Dead flies in food places. Cooking oil in Windex bottles. Broward Presidente problems

Myriad handwashing issues, dead flies in places food should go and unsafe food caused the second South Florida Presidente in a week to fail state inspection.

Two days after a Presidente in North Miami got hit with “Re-Inspection Required,” the worst inspection result for a supermarket from a state inspection, inspectors found that a Margate Presidente’s cleanliness and food safety lacked cleanliness and food safety.

READ MORE: Flies, bad food and a “black substance” at a Presidente Supermarket

A Florida Department of Agriculture inspection of supermarkets, grocery stores, retail and wholesale bakeries, convenience stores, food processors, food distributors and food storage facilities can’t shut down the establishment. But areas and equipment can be put under Stop Use Orders. Enough of those and store management might decide it can’t or shouldn’t open.

Inspectors Leni Zunino and Francis Odio didn’t have to drop any Stop Use Orders during their April 26 visit to the store at 2450 N. State Rd. 7. But here’s what they did find.

In the meat department, “two Windex containers refilled with food grade mineral oil.”

Pots and utensils were washed, rinsed, but not sanitized, and two out of three is bad.

The ice machine in the food service area had “black, moist buildup on the drain plate” and a sugar jar was “soil encrusted” as was the scoop inside the flour container.

A can of condensed milk on a kitchen area shelf to be used had “a major dent” in the body of the can. Tossed.

Opened genoa salami, hard salami and mortadella in the food service area had no date markings and nobody knew when they were opened. Tossed.

Watermelon in the walk-in cooler that needed to be below 41 degrees was only at 50 after four hours. Garbage.

Food service-area food tested and trashed for being lukewarm bacteria birthing boats were rice, plantains, kibbeah, ham and cheese empanadas, Dominican empanadas, Venezuelan empanadas, arepas, tequenos and soup.

The kitchen walk-in had uncool and unsafe cooked chicken, beans and beef soup. The milk in the food on the food service area prep table measured 56 degrees. Sour cream and cod for sale out on the shelves measured 47 degrees. Also, garbage.

A meat department employee came into the “service area without changing gloves, touched the trash can and continued to engage in food service.”

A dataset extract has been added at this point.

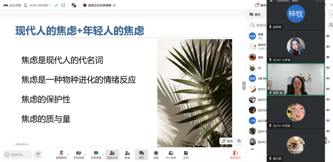 讲座中,孟莉老师发挥专业所长,精准把脉学生心理。她结合生动案例,首先解析了考试焦虑的成因与应对。她指出,各类重大考试后需要有心态调整期,而大学生更应主动培养健康考试观:合理规划时间,既不“压力山大”,也不“躺平”懈怠。

Another meat department worker didn’t wash hands when going into the food service area. In the food service area, an employee touched body parts, then money, then started working with food without washing hands.

(“Fecal bacteria and other pathogens may have hitched a ride from someone’s hands, nose or apron onto our cash. And yeast or mold might have taken hold, too,” Scientific American said in a 2017 article titled “Dirty Money.”)

A deli area worker served food, touched money, put hand sanitizer on the gloves and kept working with food.

READ MORE: A state inspector found moldy fruit and mouse dung at a Miami Walmart grocery

A produce area handwashing sink didn’t have hot water, and the store was given 30 days to rectify that problem. The hot water wasn’t turned on for handwashing sinks in the deli area and meat department. The store did rectify that problem by just turning on the hot water. No notation was made concerning why it was off in the first place.

The kitchen area handwashing sink didn’t have soap. The meat department handwashing sink didn’t have soap. The handwashing sink at the meat department service counter didn’t have soap. A deli area handwashing sink one-upped each of those by lacking soap and paper towels.

In the meat department cold room, there was a “dead fly on the cutting board where meat is processed” and “two dead flies on a cart’s tray, where packaged meat is stored.”